Will Microsoft shut down your account? Maybe. It does happen, and if it does, it is crippling. Obviously, it isn’t in their business interest, but they don’t control what the governments in countries they work in demand them to do, so they can be forced to do it. And especially for consumers, decisions around shutting-down-or-not are made automatically because there’s no budget for actual customer support. That costs way too much.
It’s not just about the ‘big’ shutdowns like that of Zoom, though. If your SaaS provider updates the software, it gets updated. You might get a heads-up, but you don’t get to say “no,” or control the timing, or have an option for custom changes or anything like that. There’s no… control. You get that with self-hosting.
There are other advantages, and one is cost. For large organizations, SaaS services actually become very expensive. Self-hosting can save a lot of money.
Then, the downsides.
Costs – yeah, it can also be expensive, especially if you’re a small company. Initially, the IT, often a small department/person can probably keep it running just fine, but when it gets bigger, it gets to be a fair bit of work, and SaaS makes sense at that point.
And work. You need to do the work and, of course, know about scalability, maintenance, updates, backups… or hire an IT firm to do it for you.
For small businesses, I’d recommend a locally-hosted, turn-key solution from a Nextcloud hosting provider. You know the jurisdiction, and it’s affordable. For a bigger organization, a custom solution from a Nextcloud partner is better – you are 100% in control, but don’t have the work or need to have the knowledge.
Did any new security threats come into the picture because of the pandemic?
For people who already worked from home, nothing changed. But businesses that moved to work-from-home were facing new challenges. Auditing and controlling employees became harder, and some businesses went a little far there, tracking employee behavior in a very scary, 1984 surveillance style way. But that’s not as much security- as it is privacy-related.

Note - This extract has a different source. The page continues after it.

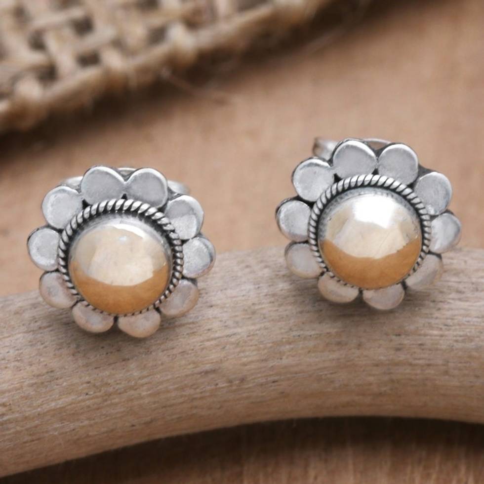 18k Gold-Accented Sterling Silver Floral Stud Earrings 'Divine Flora' Item ID: 2669921437
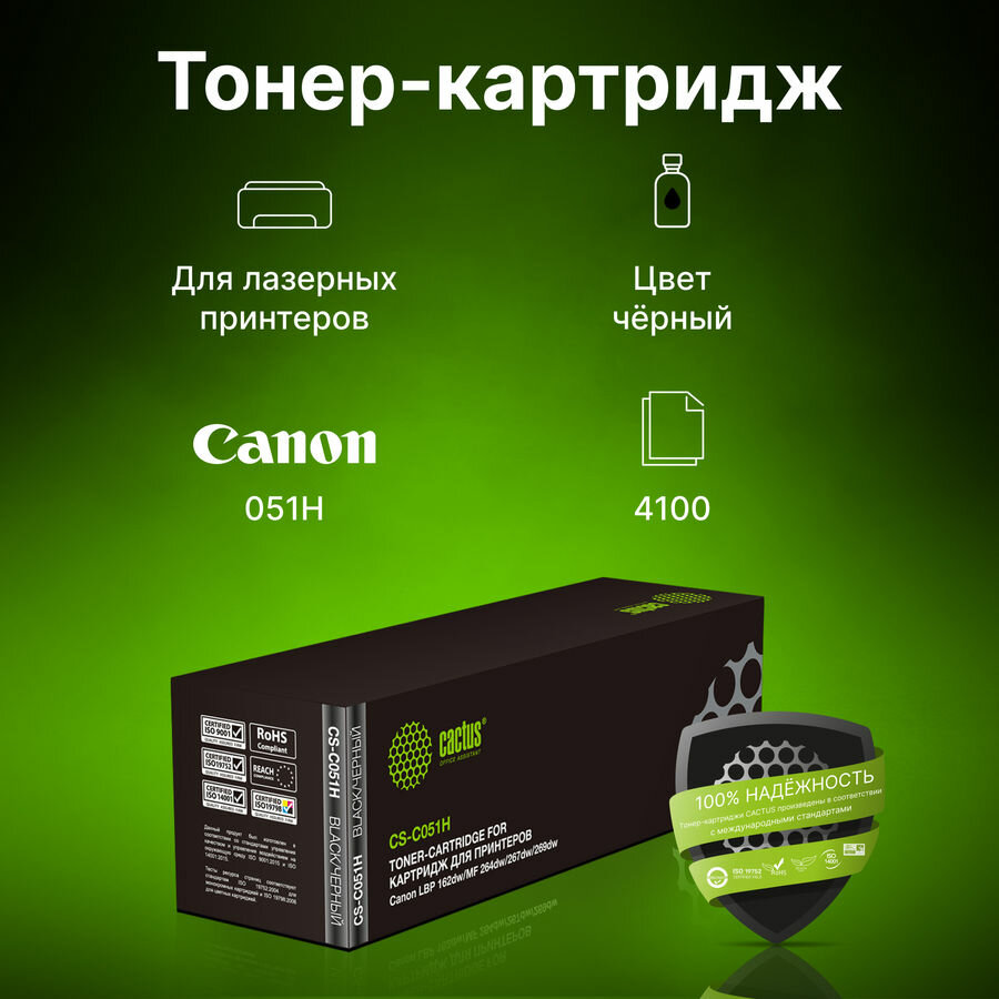 Тонер-картридж CACTUS (CS-C051H) для Canon LBP 162dw/MF 264dw/267dw/269dw, черный, ресурс 4100 страниц

I’m sure there are more phishing attempts and such, but the main problem most of our customers faced was simply a speed up in their roll-out of Nextcloud. It is perfectly suitable for work-from-home and thus, not much changed.

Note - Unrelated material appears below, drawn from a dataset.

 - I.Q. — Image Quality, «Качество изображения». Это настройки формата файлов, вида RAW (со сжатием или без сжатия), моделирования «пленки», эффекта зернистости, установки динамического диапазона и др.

What are the main differences between centralized and decentralized cloud?
In very simple terms: with a centralized cloud, like Google, if you manage to hack one data center, you have all the data of everyone.
With Nextcloud, if you hack one server, you have the data of one server. Good luck with the rest.

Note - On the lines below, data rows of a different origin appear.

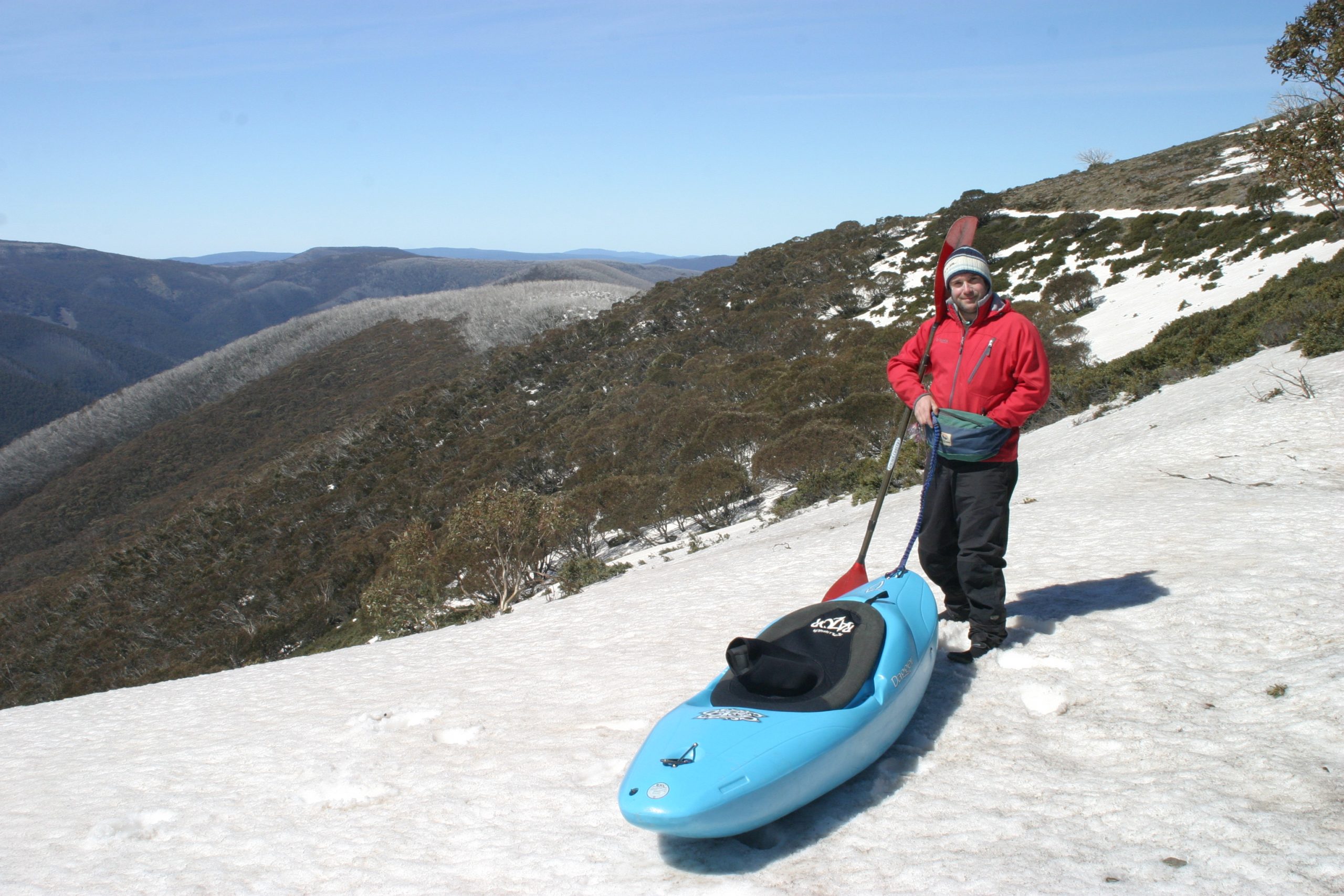 We could only imagine what the passerby’s were thinking about us two blokes. Here we were, Dave and I, above 1600 vertical meters by the side of Mt.Hotham, Victoria, hauling two white water kayaks along the snow in winter like laymen sherpa’ with no water to be seen for miles except for the frozen stuff!
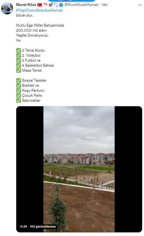 Mamak Belediye Başkanı Murat Köse sosyal medya hesabı üzerinden Mutlu Ege Millet Bahçesi’nin 200.000 m2 alanı yeşille buluşturucaklarını söyledi.
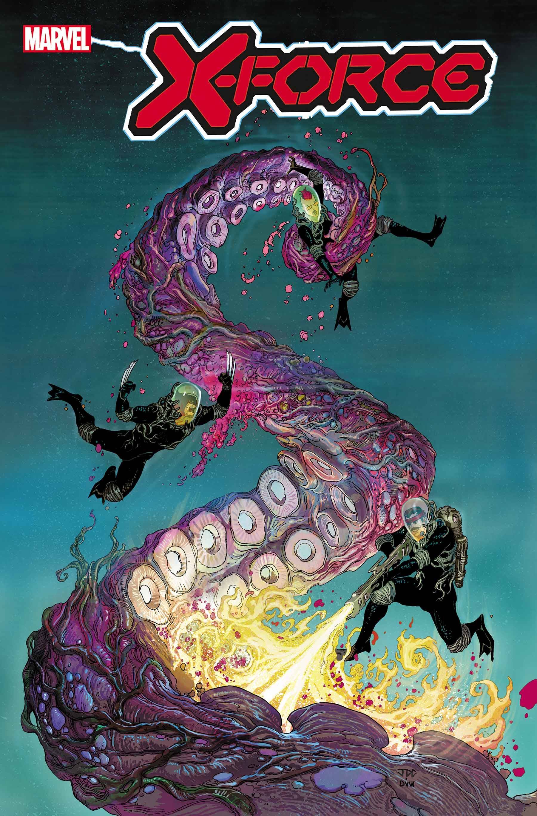 Finally from Marvel comes X-Force #16! TERRORS OF THE DEEP!FORGE, WOLVERINE and QUENTIN QUIRE brave the depths of the sea, where a deadly discovery reveals a dark side of KRAKOA. Main cover by Joshua Cassara, Alien variant by Salvador Larocca.
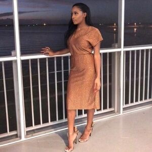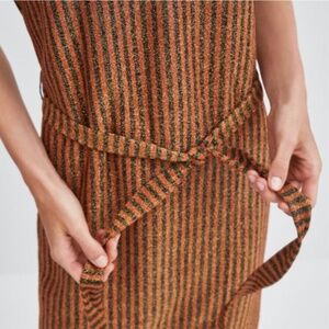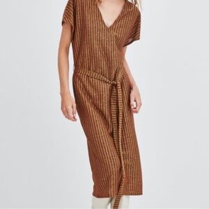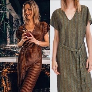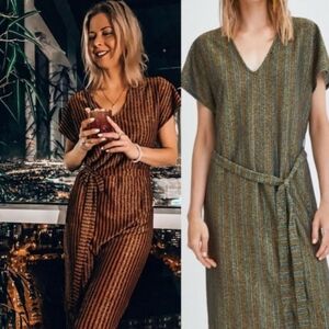 ZARA // metallic striped vneck belted midi knit
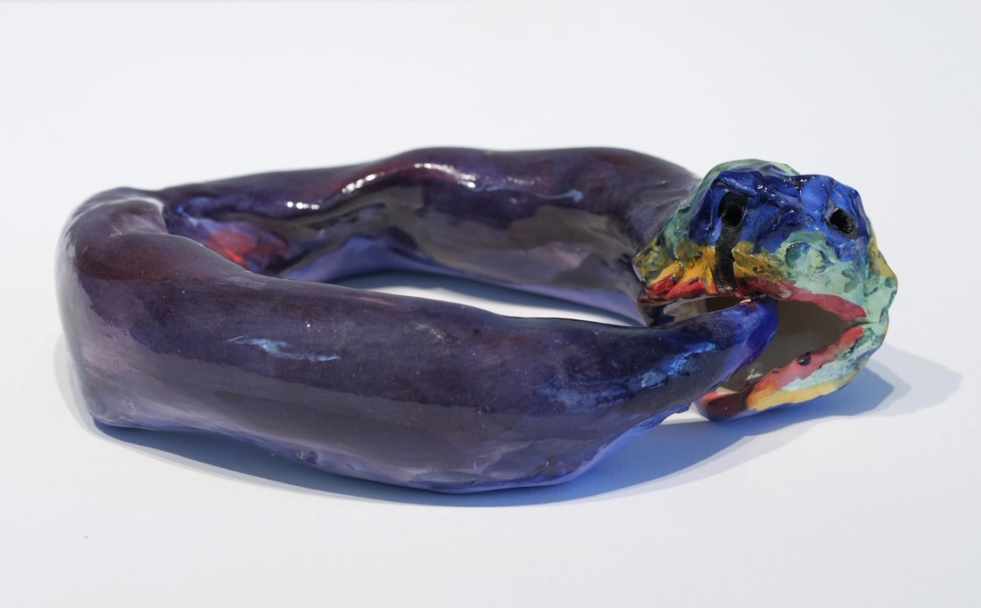 Tamar Ettun. Ouroboros Demon, 2024. Ceramic, glaze and underglaze. 2⅜ x 7½ x 5¼ in.
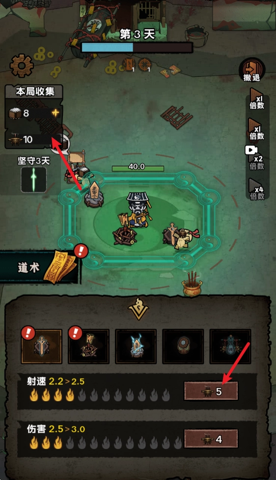 6、道士的上方显示的是自身血量,一旦血量降到零,撤退就会失败,并且会损失一部分已经获得的资源。
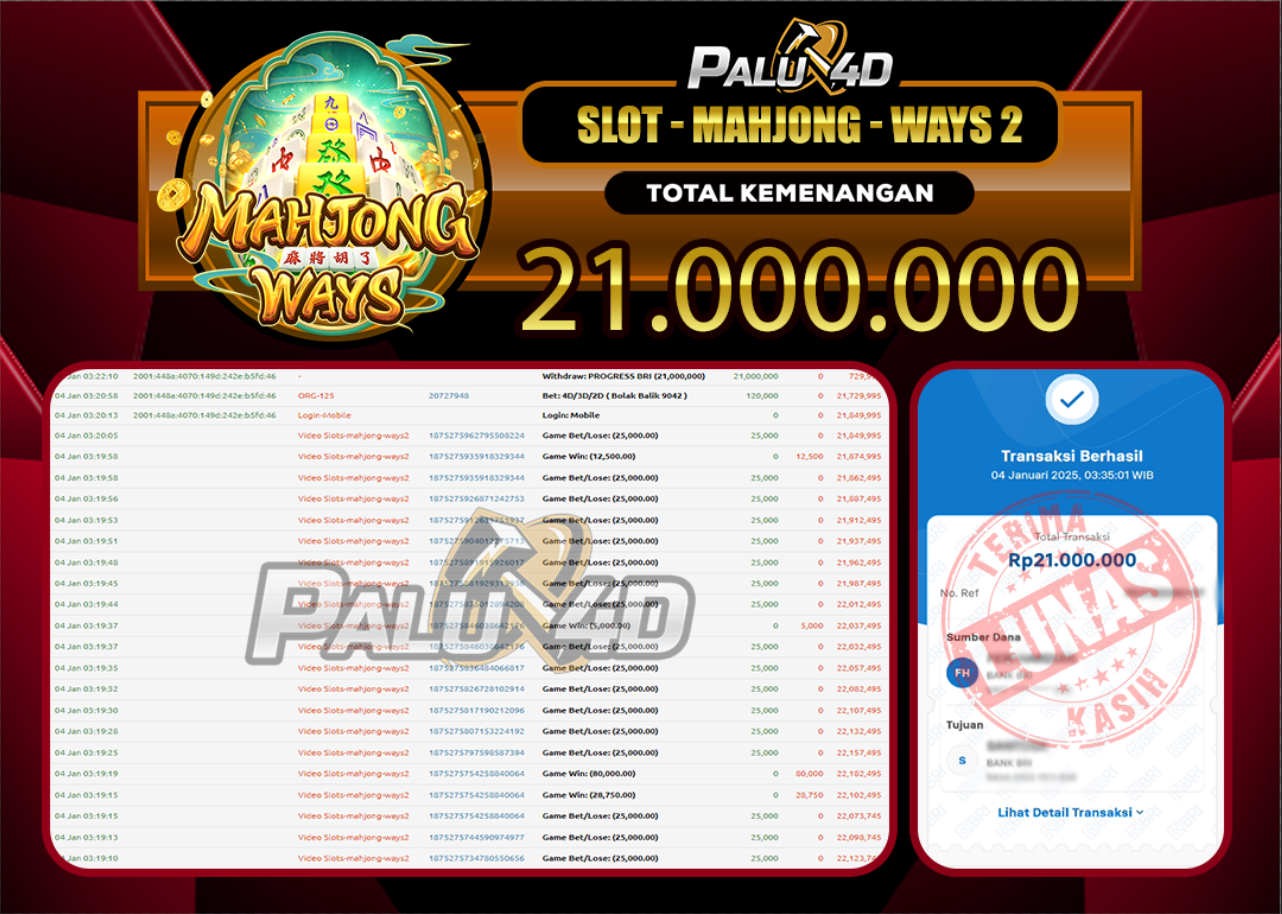 PALU4D – Menang Slot MAHJONG WAYS Rp.21.000.000.,- LUNAS

And, as the vast majority of the hacks are based on phishing and social engineering, you’ll need to invest a lot more effort to hack all Nextcloud servers. Plus, you’ll probably get caught or called out before you are even halfway, and others have an opportunity to protect themselves.
What is the single most important data privacy issue you would like to see solved in the next couple of years?
We think data minimization is key to improving privacy – keep as little data as possible, so there is as little to be abused as possible. In the long run, that’s the best protection against the abuse of private data.
So this should be a more important principle, we think. Sadly, companies don’t like deleting data since it’s the new (digital) oil.
It seems like remote work is here to stay, so what actions can businesses take to protect their workers and important data?
Use Nextcloud, or other privacy-respecting, locally hosted solutions rather than handing data over to non-compliant, foreign clouds, of course!
Share with us, what’s next for Nextcloud?
We want to further improve accessibility and usability. We think everybody has a right to privacy and control over their data, so we work with many of our customers as well as with the wide community of Nextcloud users and contributors to improve functionality but also usability and access for everyone.